## [Activity]
Leave every picture out and return the rest of the listing verbatim.
+ + + + + + +
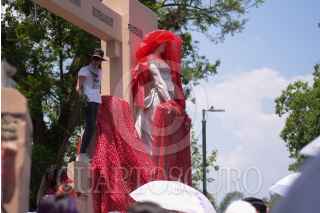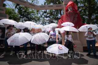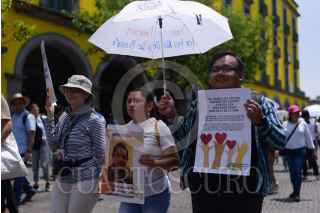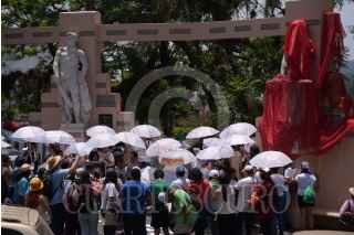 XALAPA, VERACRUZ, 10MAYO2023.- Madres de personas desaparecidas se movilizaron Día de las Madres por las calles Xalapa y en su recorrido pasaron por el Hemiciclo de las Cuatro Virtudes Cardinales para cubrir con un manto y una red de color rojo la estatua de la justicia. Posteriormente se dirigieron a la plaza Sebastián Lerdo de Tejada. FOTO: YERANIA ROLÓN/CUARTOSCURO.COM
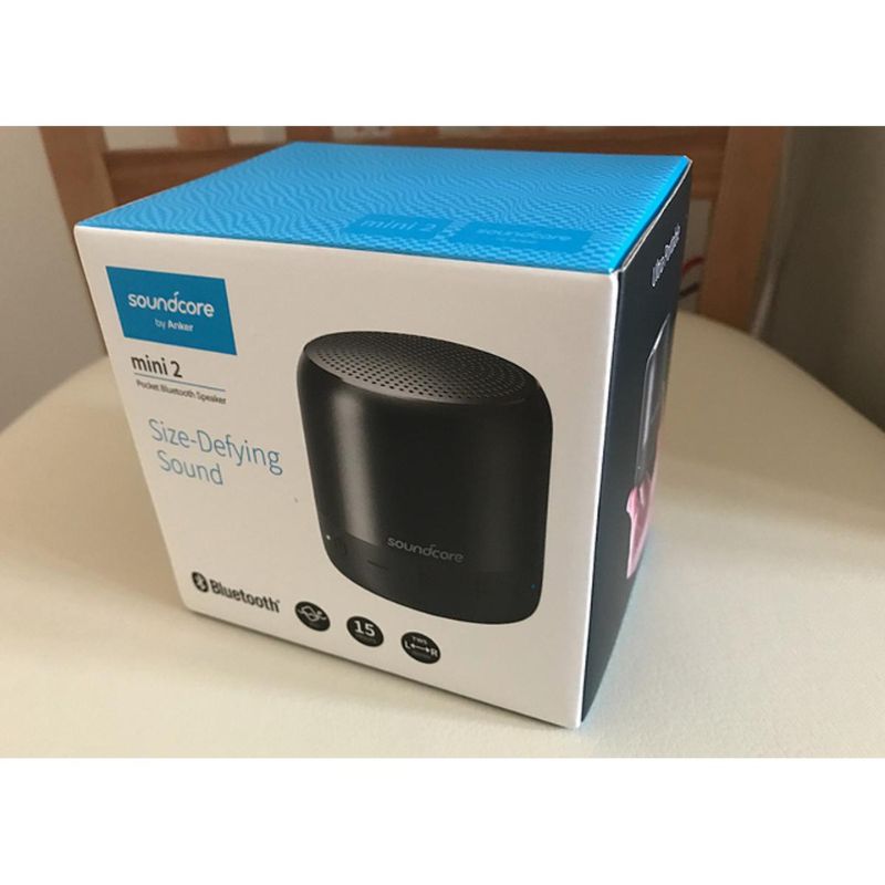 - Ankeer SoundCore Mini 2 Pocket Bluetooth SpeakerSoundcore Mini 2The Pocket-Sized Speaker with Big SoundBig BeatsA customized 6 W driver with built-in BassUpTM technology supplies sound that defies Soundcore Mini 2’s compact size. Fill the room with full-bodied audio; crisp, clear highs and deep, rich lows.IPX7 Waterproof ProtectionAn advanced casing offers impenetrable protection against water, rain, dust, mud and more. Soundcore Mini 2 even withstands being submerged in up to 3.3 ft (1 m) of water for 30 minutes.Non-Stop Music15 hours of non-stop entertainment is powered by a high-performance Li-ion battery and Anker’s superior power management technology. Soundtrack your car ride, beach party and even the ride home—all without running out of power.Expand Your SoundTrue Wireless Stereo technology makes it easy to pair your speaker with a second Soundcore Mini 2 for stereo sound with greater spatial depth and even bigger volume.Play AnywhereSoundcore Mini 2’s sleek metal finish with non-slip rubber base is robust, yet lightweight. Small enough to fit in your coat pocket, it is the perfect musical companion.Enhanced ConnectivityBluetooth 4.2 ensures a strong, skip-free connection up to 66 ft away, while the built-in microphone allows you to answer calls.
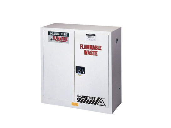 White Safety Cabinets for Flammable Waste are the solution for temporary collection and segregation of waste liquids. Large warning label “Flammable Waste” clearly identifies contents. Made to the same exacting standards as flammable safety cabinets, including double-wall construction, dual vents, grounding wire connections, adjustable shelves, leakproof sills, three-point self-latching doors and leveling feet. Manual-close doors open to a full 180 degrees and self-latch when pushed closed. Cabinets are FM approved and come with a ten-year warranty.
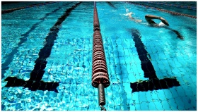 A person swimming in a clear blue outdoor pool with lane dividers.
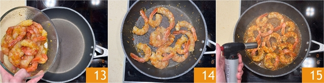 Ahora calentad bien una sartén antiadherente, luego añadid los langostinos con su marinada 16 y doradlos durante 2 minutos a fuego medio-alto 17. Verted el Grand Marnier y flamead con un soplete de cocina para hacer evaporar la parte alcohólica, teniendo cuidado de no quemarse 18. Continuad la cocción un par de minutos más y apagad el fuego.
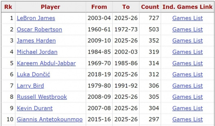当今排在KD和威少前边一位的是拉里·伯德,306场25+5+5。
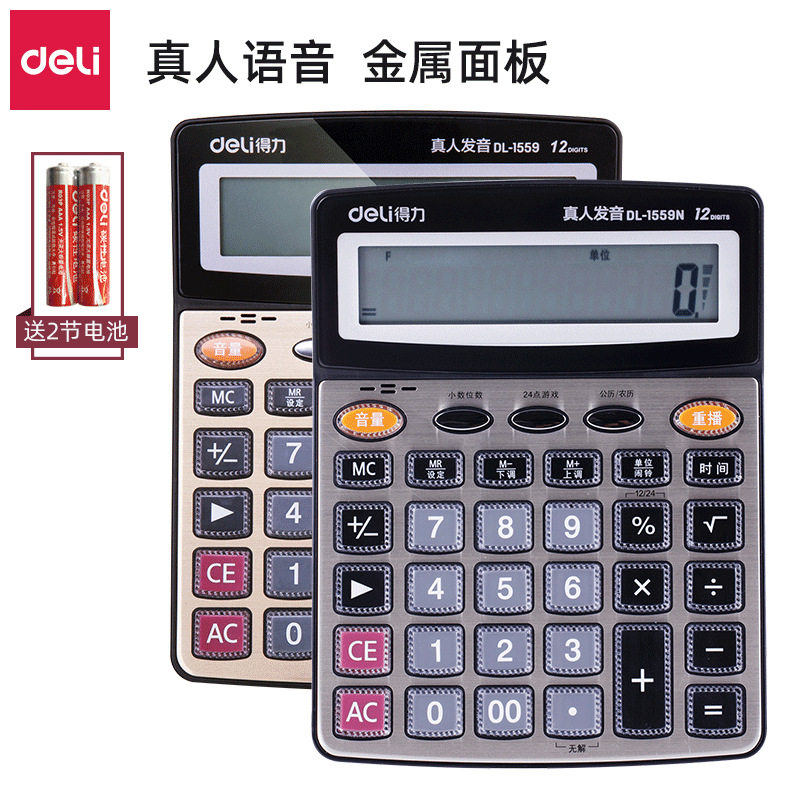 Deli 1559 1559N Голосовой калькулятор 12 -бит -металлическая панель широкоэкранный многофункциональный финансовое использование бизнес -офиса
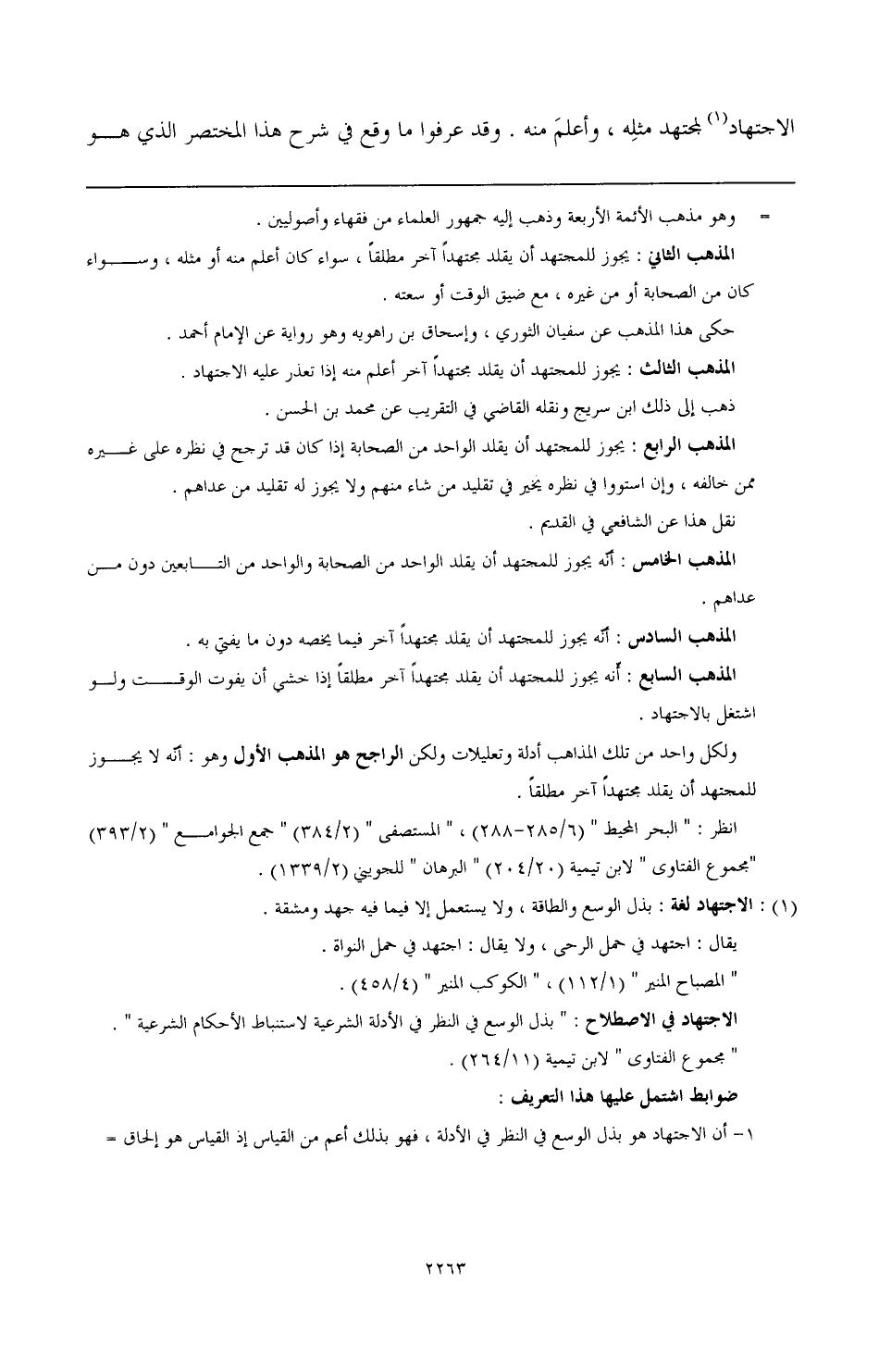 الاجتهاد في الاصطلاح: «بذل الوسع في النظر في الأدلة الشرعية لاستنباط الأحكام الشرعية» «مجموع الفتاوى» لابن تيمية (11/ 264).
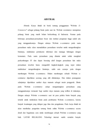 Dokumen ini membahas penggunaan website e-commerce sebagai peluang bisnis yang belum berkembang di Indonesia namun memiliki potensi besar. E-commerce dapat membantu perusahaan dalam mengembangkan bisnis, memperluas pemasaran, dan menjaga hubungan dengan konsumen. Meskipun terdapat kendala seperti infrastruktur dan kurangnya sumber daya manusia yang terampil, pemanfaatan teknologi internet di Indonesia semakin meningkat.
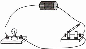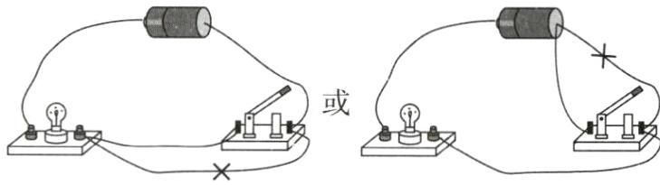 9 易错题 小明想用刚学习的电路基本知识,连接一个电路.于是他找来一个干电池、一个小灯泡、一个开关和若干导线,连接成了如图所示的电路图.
+ + + + + + +
## [Answer to the exercise]
 XALAPA, VERACRUZ, 10MAYO2023.- Madres de personas desaparecidas se movilizaron Día de las Madres por las calles Xalapa y en su recorrido pasaron por el Hemiciclo de las Cuatro Virtudes Cardinales para cubrir con un manto y una red de color rojo la estatua de la justicia. Posteriormente se dirigieron a la plaza Sebastián Lerdo de Tejada. FOTO: YERANIA ROLÓN/CUARTOSCURO.COM
 - Ankeer SoundCore Mini 2 Pocket Bluetooth SpeakerSoundcore Mini 2The Pocket-Sized Speaker with Big SoundBig BeatsA customized 6 W driver with built-in BassUpTM technology supplies sound that defies Soundcore Mini 2’s compact size. Fill the room with full-bodied audio; crisp, clear highs and deep, rich lows.IPX7 Waterproof ProtectionAn advanced casing offers impenetrable protection against water, rain, dust, mud and more. Soundcore Mini 2 even withstands being submerged in up to 3.3 ft (1 m) of water for 30 minutes.Non-Stop Music15 hours of non-stop entertainment is powered by a high-performance Li-ion battery and Anker’s superior power management technology. Soundtrack your car ride, beach party and even the ride home—all without running out of power.Expand Your SoundTrue Wireless Stereo technology makes it easy to pair your speaker with a second Soundcore Mini 2 for stereo sound with greater spatial depth and even bigger volume.Play AnywhereSoundcore Mini 2’s sleek metal finish with non-slip rubber base is robust, yet lightweight. Small enough to fit in your coat pocket, it is the perfect musical companion.Enhanced ConnectivityBluetooth 4.2 ensures a strong, skip-free connection up to 66 ft away, while the built-in microphone allows you to answer calls.
 White Safety Cabinets for Flammable Waste are the solution for temporary collection and segregation of waste liquids. Large warning label “Flammable Waste” clearly identifies contents. Made to the same exacting standards as flammable safety cabinets, including double-wall construction, dual vents, grounding wire connections, adjustable shelves, leakproof sills, three-point self-latching doors and leveling feet. Manual-close doors open to a full 180 degrees and self-latch when pushed closed. Cabinets are FM approved and come with a ten-year warranty.
 A person swimming in a clear blue outdoor pool with lane dividers.
 Ahora calentad bien una sartén antiadherente, luego añadid los langostinos con su marinada 16 y doradlos durante 2 minutos a fuego medio-alto 17. Verted el Grand Marnier y flamead con un soplete de cocina para hacer evaporar la parte alcohólica, teniendo cuidado de no quemarse 18. Continuad la cocción un par de minutos más y apagad el fuego.
当今排在KD和威少前边一位的是拉里·伯德,306场25+5+5。
 Deli 1559 1559N Голосовой калькулятор 12 -бит -металлическая панель широкоэкранный многофункциональный финансовое использование бизнес -офиса
 الاجتهاد في الاصطلاح: «بذل الوسع في النظر في الأدلة الشرعية لاستنباط الأحكام الشرعية» «مجموع الفتاوى» لابن تيمية (11/ 264).
 Dokumen ini membahas penggunaan website e-commerce sebagai peluang bisnis yang belum berkembang di Indonesia namun memiliki potensi besar. E-commerce dapat membantu perusahaan dalam mengembangkan bisnis, memperluas pemasaran, dan menjaga hubungan dengan konsumen. Meskipun terdapat kendala seperti infrastruktur dan kurangnya sumber daya manusia yang terampil, pemanfaatan teknologi internet di Indonesia semakin meningkat.
 9 易错题 小明想用刚学习的电路基本知识,连接一个电路.于是他找来一个干电池、一个小灯泡、一个开关和若干导线,连接成了如图所示的电路图.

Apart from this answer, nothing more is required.